Both the HA and the M/MA groups had significantly reduced stereoacuity at baseline, relative to the NonA group. There was a significant treatment effect from baseline to six weeks in the HA group, but not the M/MA group, perhaps because initial baseline deficits were greater in the HA group. These findings of significant improvement in stereoacuity are consistent with the findings in a study of three- to nine-year-old children with high bilateral hyperopia and/or astigmatism, most of whom were treated with optical correction alone, that found significant improvement in stereoacuity measured with the Randot Preschool Stereoacuity test over a treatment duration of one year (Wallace et al., 2007).

4.1.4 Meridional Amblyopia

At baseline, significant meridional amblyopia was present only in measurements of grating acuity for the M/MA group and in measurements of low and high spatial frequency contrast sensitivity for the HA group. Results indicated that there was no significant treatment effect, i.e., no significant reduction in these meridional amblyopia effects over time compared to the NonA group. At one year, while there was still significant meridional amblyopia in measurements of grating acuity for the M/MA and high spatial frequency contrast sensitivity for the HA group, meridional amblyopia in measurements of low spatial frequency contrast sensitivity for the HA was no longer significant, most likely related to the fact that these effects were significant, but weak, at baseline (p < 0.04).

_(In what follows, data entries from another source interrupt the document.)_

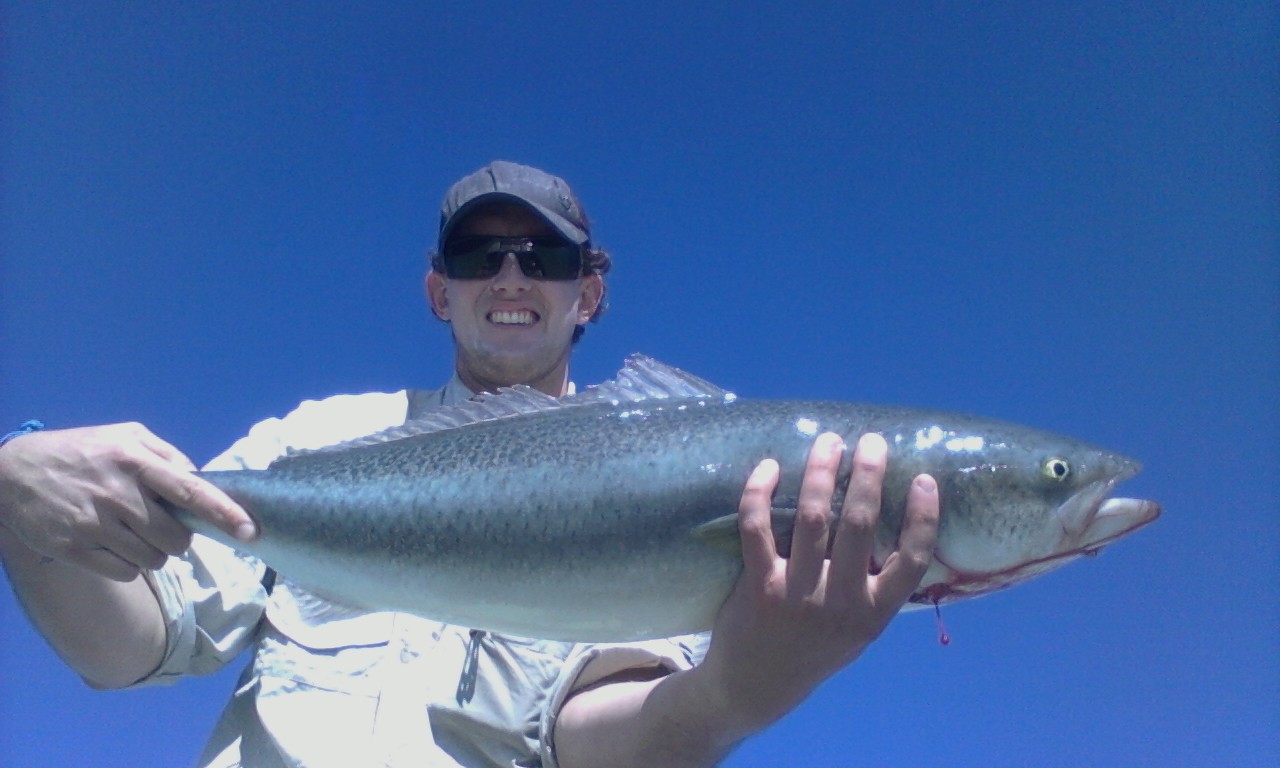 Got a call from Terry who's down at Dunsborough for a couple of days. The salmon have arrived and they are finding reasonable schools of fish. They're cooperating by taking flies eagerly. Big fish as well, as they the smallest that they landed was 5kg.
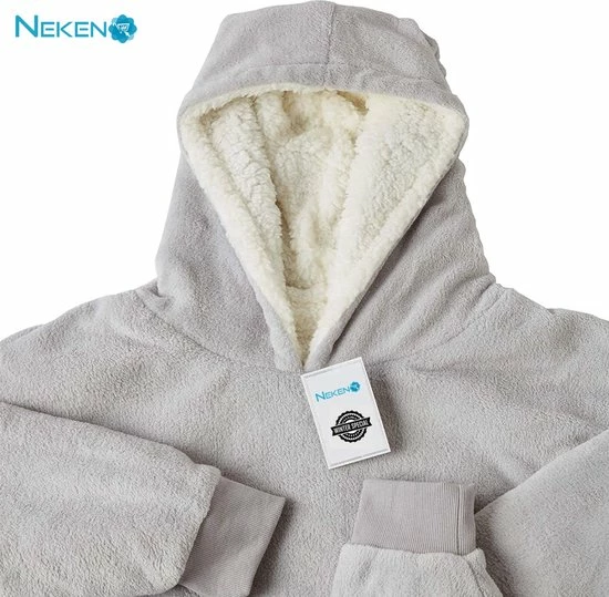 Merkloos Neken – Hoodie Deken Ultra Zachte Sherpa Fleece Warm Cosy Comfy Oversized Draagbare Reus Sweatshirt Gooi Voor Vrouwen Meisjes Volwassenen Mannen Jongens Kids Grote Pocket – Blush Grijs
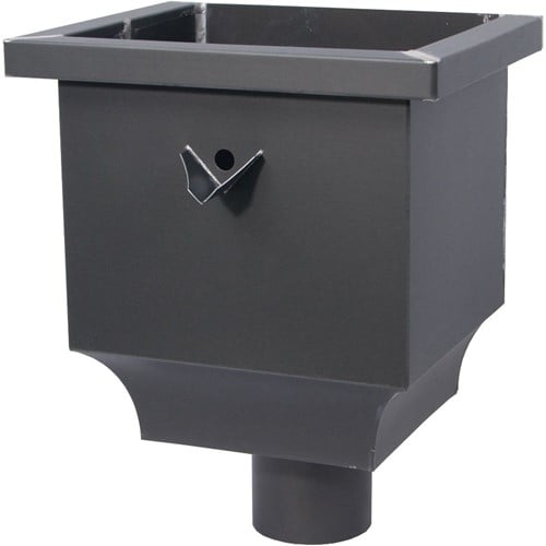 Deze Zink Noir vergaarbak type Brabant met 100 mm aansluiting vangt regenwater efficiënt op en voert het gecontroleerd af, terwijl de antracietzwarte afwerking een moderne en uniforme uitstraling biedt.
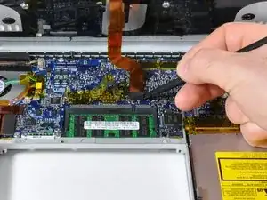 Будьте осторожны, отключая шлейф клавиатуры и тачпада, чтобы убедиться, что задняя часть верхней крышки освобождена от области рядом с петлёй. Легко случайно погнуть приёмники шурупов по бокам от клавиатуры.
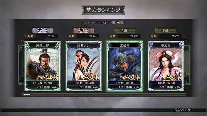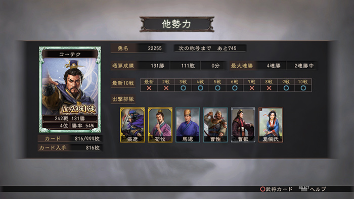 勝利を重ねることで「勇名」を獲得し、全国のプレイヤーたちとランキングを競うことができます。
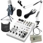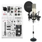 《使い方動画付属》YAMAHA ヤマハ AG06 ミキサー + コンデンサーマイク + アーム型スタンド(白) + ポップガードPO-7 + クロス + ミニケーブル 配信セット
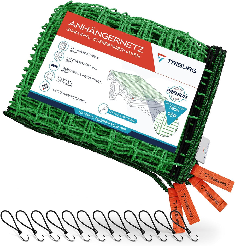 TRIBURG Anhängernetz 3x4 inkl. 12x Expander Haken - Anhänger Netz mit Eckmarkierungen und Randverstä

Our failure to find a significant reduction in meridional amblyopia for grating acuity in the M/MA group and meridional amblyopia for high spatial frequency contrast sensitivity for the HA group after a treatment duration of one year is consistent with the results of a previous study of optical treatment of astigmatism-related amblyopia in preschool Tohono O’odham children, which showed no significant reduction in meridional amblyopia for grating acuity after four months of optical correction in children in the M/MA group (Harvey et al., 2004). However, our data are not consistent with previous retrospective studies that found evidence of meridional amblyopia in astigmatic adults who received eyeglasses after age seven years but not in those who received glasses prior to age seven years (Mitchell et al., 1973; Cobb & MacDonald, 1978). The apparent discrepancy between the results of the retrospective studies of adults and the results of the previous (Harvey et al., 2004) and present studies of Tohono O’odham children could be explained if elimination of meridional amblyopia occurs only following treatment duration longer than one year (the longest treatment duration provided in the two studies of children).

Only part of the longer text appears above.